Einstein's statement applies for massive objects. Photons have no mass to begin with.



E=mc^2 gives the energy that an object at rest has. A moving object has energy E=sqrt(m^2*c^4 + p^2*c^2). Since m=0, that simplifies to E=pc, which is exactly the energy that a photon has.



It's a red flag indicating that the object cannot travel at the speed of light in the first place.

Ideasrule: Thanks for your replies. But now I have some more inquiries to bring up with some of your responses.

a) If Einstein's statement that as an object increases in mass and heaviness as it approaches "c" or goes faster and faster...how was he able to measure or prove this? And why do photons defy this correlation?

b) Your response to my second question on E=MC² and it not applying to photons was helpful and made sense. I was just curious in the equation E =pc for a moving photon...what does the "p" variable stand for?


c) Your answer to question three seems a bit like circular logic. Once again we have never seen an object with mass go the speed of light, though we can now probably achieve something close to this in the CERN accelerator, so how do we know that it's mass will reach infinity?

 

[Matterwave]

a) Einstein was a theoretical physicist. It wasn't his job to do the experiments. Other people have done the experiments and all (established) experiments have come out in agreement with theory. The statement "as an object increases in speed, it's mass increases" is sloppy language. An object's mass is invariant. What does increase as the speed increases is the kinetic energy. And it appears that as an object obtains more and more kinetic energy, it becomes harder and harder to accelerate it. So, it would appear that the higher the kinetic energy, the higher the "inertia". We call this "relativistic mass". You may want to search for "relativistic mass" on this forum. There are numerous topics discussing it.

b) p stands for the momentum of the photon. Although photons have no mass, they do have momentum.

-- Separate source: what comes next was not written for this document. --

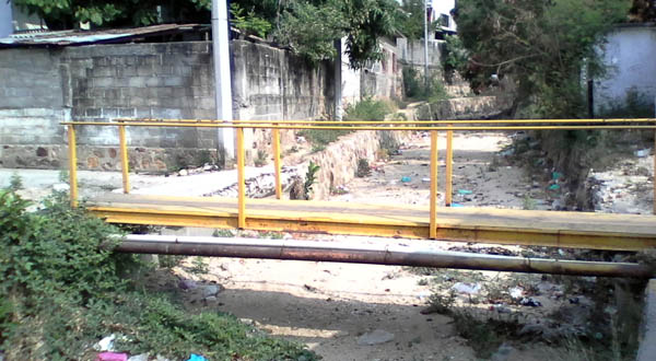 SALINA CRUZ, Oax. A dos años de que fuera demolido el puente que comunica a las calles Narciso Mendoza, Emiliano Zapata y Lázaro Cárdenas, hasta el momento no ha sido reparado y, representa un riesgo para los vecinos de la colonia San Pablo.

c) We keep pumping the particles with more and more energy, but they never reach the speed of light. As we pump more energy into the particles, their percent increase in speed gets lower, in accordance with theory. This is a good indication that the theory is correct.

 

[dacruick]

people have always had a hard time explaining to me what inertia means. but i think I've come up with a nifty analogy. Inertia is to movement as specific heat capacity is to temperature change. any holes in that one? it seems pretty crisp

 

[Agent M27]

Dacrulck that would definitely work since inertia is just the amount a given mass resists accelleration (change in direction). I will start using that analogy, provided you don't mind, because it describes it perfectly, granted they know what specific heat is. To the op I had this same misconception of relativistic mass in that I thought the actual object got heavier because I was thinking in terms of classical mechanics taking into account friction. Obviously there is no friction in space so from our frame of reference the object appears to have gained mass via kinetic energy measurements, but it is a relativistic effect such as length contraction and time dilation. If any of that is incorrect please correct me. Hope that helped.

Joe

 

[NYSportsguy]

b) p stands for the momentum of the photon. Although photons have no mass, they do have momentum.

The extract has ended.